I have a set of reviews and I've clustered them with k-means and got the clusters each review belongs to (Ex: 1,2,3...). I also have the real labels of which clusters these belongs to Ex: location, food etc.) and I need to compare them with Rand index.
As I have cluster numbers and cluster labels how I can I apply Rand index to compare?
Is there any intermediate step that I should follow?
Edit: I've seen the post Rand Index function (clustering performance evaluation) but it does not answer my question.
In that question, you have
labels_true = [1, 1, 0, 0, 0, 0]
labels_pred = [0, 0, 0, 1, 0, 1]
but what I have is something like below,
labels_true = ['food', 'view', 'room', 'food', 'staff', 'staff']

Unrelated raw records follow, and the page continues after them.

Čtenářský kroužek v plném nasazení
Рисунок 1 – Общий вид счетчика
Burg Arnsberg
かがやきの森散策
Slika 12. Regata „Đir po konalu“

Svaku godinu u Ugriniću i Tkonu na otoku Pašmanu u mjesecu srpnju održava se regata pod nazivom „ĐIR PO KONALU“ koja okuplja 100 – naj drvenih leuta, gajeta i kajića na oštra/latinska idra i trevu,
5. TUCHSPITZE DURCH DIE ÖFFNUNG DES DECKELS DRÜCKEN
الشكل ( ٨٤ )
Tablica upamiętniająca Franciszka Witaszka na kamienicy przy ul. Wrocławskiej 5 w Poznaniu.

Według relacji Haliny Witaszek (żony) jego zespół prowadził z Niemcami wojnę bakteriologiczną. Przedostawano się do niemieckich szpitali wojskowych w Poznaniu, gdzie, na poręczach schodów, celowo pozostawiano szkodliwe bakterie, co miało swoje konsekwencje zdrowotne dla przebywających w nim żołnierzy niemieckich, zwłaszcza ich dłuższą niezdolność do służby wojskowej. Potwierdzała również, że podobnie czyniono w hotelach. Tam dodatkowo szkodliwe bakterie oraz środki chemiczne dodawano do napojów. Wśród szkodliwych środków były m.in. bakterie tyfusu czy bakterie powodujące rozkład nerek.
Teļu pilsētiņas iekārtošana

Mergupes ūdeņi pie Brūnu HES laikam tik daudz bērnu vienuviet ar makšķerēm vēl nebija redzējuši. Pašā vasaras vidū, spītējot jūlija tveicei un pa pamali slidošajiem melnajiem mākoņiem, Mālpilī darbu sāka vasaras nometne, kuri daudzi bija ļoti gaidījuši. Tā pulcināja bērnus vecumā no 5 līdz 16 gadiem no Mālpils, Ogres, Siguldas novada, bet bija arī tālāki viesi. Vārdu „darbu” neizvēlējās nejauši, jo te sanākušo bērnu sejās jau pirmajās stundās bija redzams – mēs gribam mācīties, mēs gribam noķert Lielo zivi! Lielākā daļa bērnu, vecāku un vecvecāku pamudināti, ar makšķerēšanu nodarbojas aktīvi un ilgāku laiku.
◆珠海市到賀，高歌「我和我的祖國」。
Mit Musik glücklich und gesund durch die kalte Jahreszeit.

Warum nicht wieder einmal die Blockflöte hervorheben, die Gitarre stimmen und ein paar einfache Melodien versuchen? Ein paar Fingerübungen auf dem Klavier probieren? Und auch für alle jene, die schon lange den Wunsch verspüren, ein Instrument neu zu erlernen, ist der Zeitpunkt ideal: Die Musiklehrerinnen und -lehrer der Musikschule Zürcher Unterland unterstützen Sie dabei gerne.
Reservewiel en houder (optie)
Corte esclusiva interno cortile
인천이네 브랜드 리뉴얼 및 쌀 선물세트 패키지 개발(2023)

labels_pred = [0, 0, 0, 1, 0, 1]
Any help is highly appreciated.
CodePudding user response:
Just use the sklearn.metrics.rand_score
function:
from sklearn.metrics import rand_score
rand_score(labels_true, labels_pred)
It doesn't matter if true labels and predicted labels have values in different domains. Please have a look at the examples:
>>> rand_score(['a', 'b', 'c'], [5, 6, 7])
1.0
>>> rand_score([0, 1, 2], [5, 6, 7])
1.0
>>> rand_score(['a', 'a', 'b'], [0, 1, 2])
0.6666666666666666
>>> rand_score(['a', 'a', 'b'], [7, 7, 2])
1.0